Women of Will at Shakespeare & Company
LENOX, Mass. - For one night only, Tina Packer, Shakespeare & Company’s Founding Artistic Director, presents a very special sneak peek of her nearly completed opus, WOMEN OF WILL: Following the Feminine in Shakespeare’s Plays.Packer, who received a Guggenheim Fellowship to develop this signature work, has presented it in various workshop iterations over the past fifteen years. The completed version will include five parts. A one-part, Overview iteration will makes its world premiere with three performances at the Mercury Theatre in Colchester, England in March. Packer presents a special preview of WOMEN OF WILL at S&Co.’s Elayne P. Bernstein Theatre on February 28 at 7pm. All seating is by general admission, and tickets are $26 each.
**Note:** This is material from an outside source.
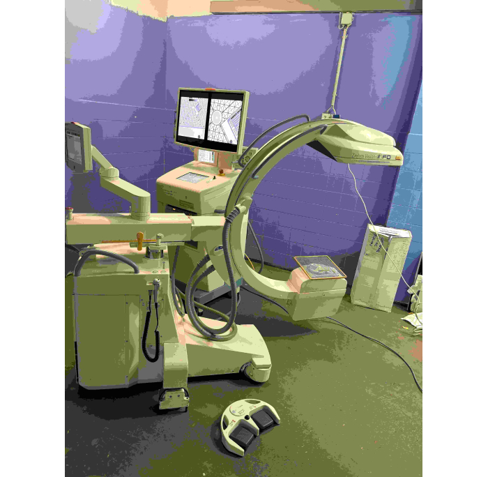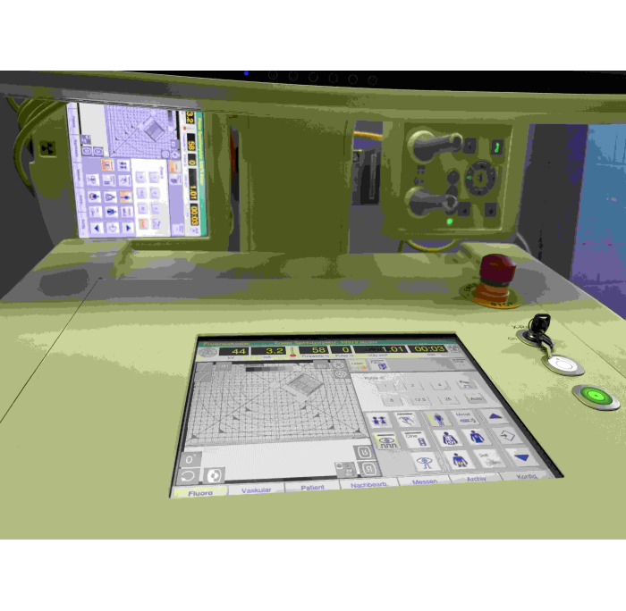 Durchleuchtungsgerät, C-bogen mit digitalen Flachdetector, LCD Doppelmonitor, Optionen Fluoro + Vaskular, kabellosem Fußpedal, DICOM, WLAN, USB, Drucker, Laser, Bildspreicher, 1.6LP Auflösung, alle C-Bewegungen motorisiert steuerbar, mit separatem Bedienpanel und Navigation (zum Anbringen am OP Tisch beispielweise) TOP ZUSTAND----2014

S&Co.’s usual range of discounting options are available for this performance, including discounts for groups, students, Seniors, and the very popular 40% Berkshire Resident Discount. The Bernstein is wheelchair accessible and hearing aid assisted. Contact the Box Office at (413) 637-3353 or boxoffice@shakespeare.org to order tickets or learn more about discount availability, or order tickets from www.shakespeare.org. The Bernstein Theatre is wheelchair-accessible.
Featuring Packer and S&Co. favorite Nigel Gore, Women of Will is directed by Eric Tucker (Pinter’s Mirror) and includes scenes from Henry VI, Richard III, Romeo and Juliet, Othello, As You Like It, Macbeth, Pericles and Henry VIII. The scenes provide insight into the chronological growth of Shakespeare’s portrayal not only of female characters but of the qualities traditionally considered feminine.
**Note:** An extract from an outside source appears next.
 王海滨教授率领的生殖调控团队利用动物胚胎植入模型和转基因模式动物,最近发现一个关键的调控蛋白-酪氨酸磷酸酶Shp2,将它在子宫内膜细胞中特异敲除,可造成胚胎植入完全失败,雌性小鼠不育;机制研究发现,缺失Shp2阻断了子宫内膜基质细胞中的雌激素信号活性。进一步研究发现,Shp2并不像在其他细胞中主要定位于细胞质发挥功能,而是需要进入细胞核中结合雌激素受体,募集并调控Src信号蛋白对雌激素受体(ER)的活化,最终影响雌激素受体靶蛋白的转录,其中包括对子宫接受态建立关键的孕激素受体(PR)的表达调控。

“The title itself has several meanings: obviously ‘Will’ in the sense of William Shakespeare. By looking at the women in the order in which Shakespeare wrote them, we can see how his attitude towards women changed over the years—and it did profoundly,” Packer says. “But ‘will’ also means will power or the will to power, and so we look at how women use power or how it is used against them. Finally, ‘will’ in Elizabethan English means sexual desire, or even the sexual parts. We will be examining how sexual desire is used in the plays. We’ll not be looking at the parts,”Packer adds with a laugh.
The performance presented February 28 is the comprehensive Overview version of the full, five-part program yet to be unveiled. The Overview encompasses Shakespeare’s whole canon, touching on the major points in each of the five acts. WOMEN OF WILL: Following the Feminine in Shakespeare’s Plays runs approximately three hours, with one intermission. Packer, Gore and Tucker will be available in the Bernstein lobby following the performance to meet patrons and continue the discussion.
“In many ways I’ve been working on this piece for the whole of my artistic life, and I have to ask the question: why should a 21st century feminist spend her time with a dead white male? Well the answer is because I grow, expand, understand myself better with every play in the canon I immerse myself in, and have from the time I was a young actor to becoming a director and teacher,” Packer says. “With each play, my awareness expands. He says things in such a way as allows me to understand the world—politically, psychologically, physically, poetically, philosophically—that change my personal and creative life.”